Fonterra’s real turnaround was productivity
From April issue of NZ Manufacturer magazine
Geerten Lengkeek, Managing Director Productivity People
Miles Hurrell’s resignation marks the end of a significant chapter for Fonterra, and in many ways, for New Zealand.
Fonterra isn’t just another company. It’s our largest business, a global-scale manufacturer, and the commercial engine behind a big part of our primary sector.
When Fonterra performs, New Zealand performs.
What stands out to me about the Hurrell era is this:the real turnaround wasn’t about growth, it was about productivity.
He inherited a business that had achieved global scale, but not always strong returns. Revenue was high, but capital wasn’t working as hard as it could.
Over the past six to seven years, that has fundamentally shifted.
Return on capital has moved from around 5–6% to consistently around 11–12%, without a material increase in milk supply.
That tells you something important. This wasn’t a volume story. It was a conversion story, and that’s what productivity really is.

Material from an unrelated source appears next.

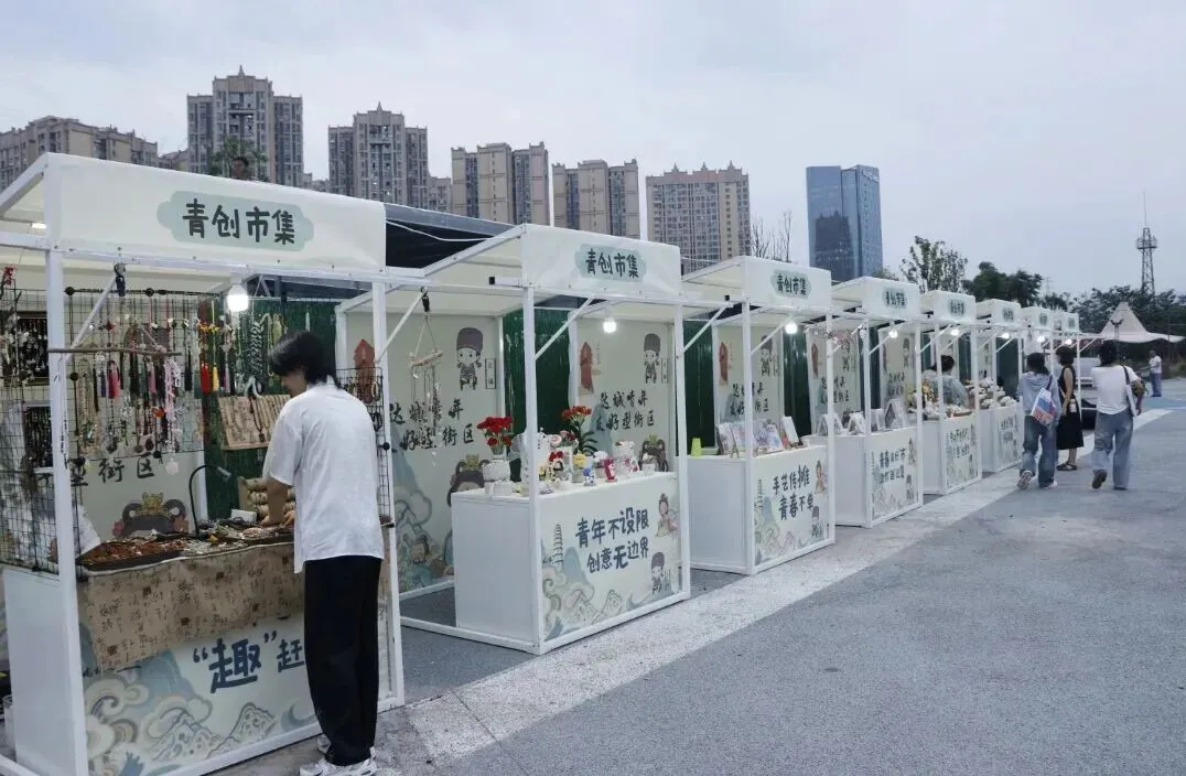 一排创意摊位整齐呈放在街区一侧。该市集主要聚焦创业青年特别是周边高校大学生的创业需求,以“季度循环+续租不超过1年”的运行机制,招募非遗手工、文创潮玩、原创设计等业态青创主理人数十名,提供摊位及摊架让青年可以周末

Better conversion of milk into value. Better use of assets to drive throughput and margin. Better deployment of capital into earnings.
A big part of that has been strategic focus. Simplifying the portfolio, exiting lower-return businesses, and refocusing on Ingredients and Foodservice where Fonterra has real advantage.
But just as important is what’s happened inside the system.
This is a manufacturing business at scale. Productivity is won or lost in how well you manage flow, yield, and asset utilisation: from farm through to processing and export.
Many years ago, my colleague Nick Brownsword and I were involved in the early operational excellence work in Fonterra. Even then, it was clear how much opportunity existed in improving flow, reducing waste, and aligning the system end-to-end.
What’s been encouraging is seeing how those ideas have evolved and matured, and how this is now part of Fonterra’s DNA.
Because while headlines focus on strategy or divestments, the real gains come from thousands of smaller improvements: in plants, processes, and decisions about where milk goes and how capital is deployed.
It’s also worth remembering that Fonterra is a co-operative.
Its owners and shareholders are farmers, not the public. Many New Zealanders and politicians may have an opinion about the brands sale, but it is the farmer shareholders for whom decisions are made.
For farmers, capital is hard-earned, tied up in land, and often held across generations.
In that context, return on capital isn’t just a financial metric; it’s a measure of how well the co-op is stewarding scarce, long-term resources.
By that measure, the last few years represent a meaningful lift.
Miles Hurrell’s legacy is not just in strategy or expansion, but in restoring discipline, focus, and productivity to New Zealand’s most important business.
And that’s a legacy that will matter well beyond Fonterra.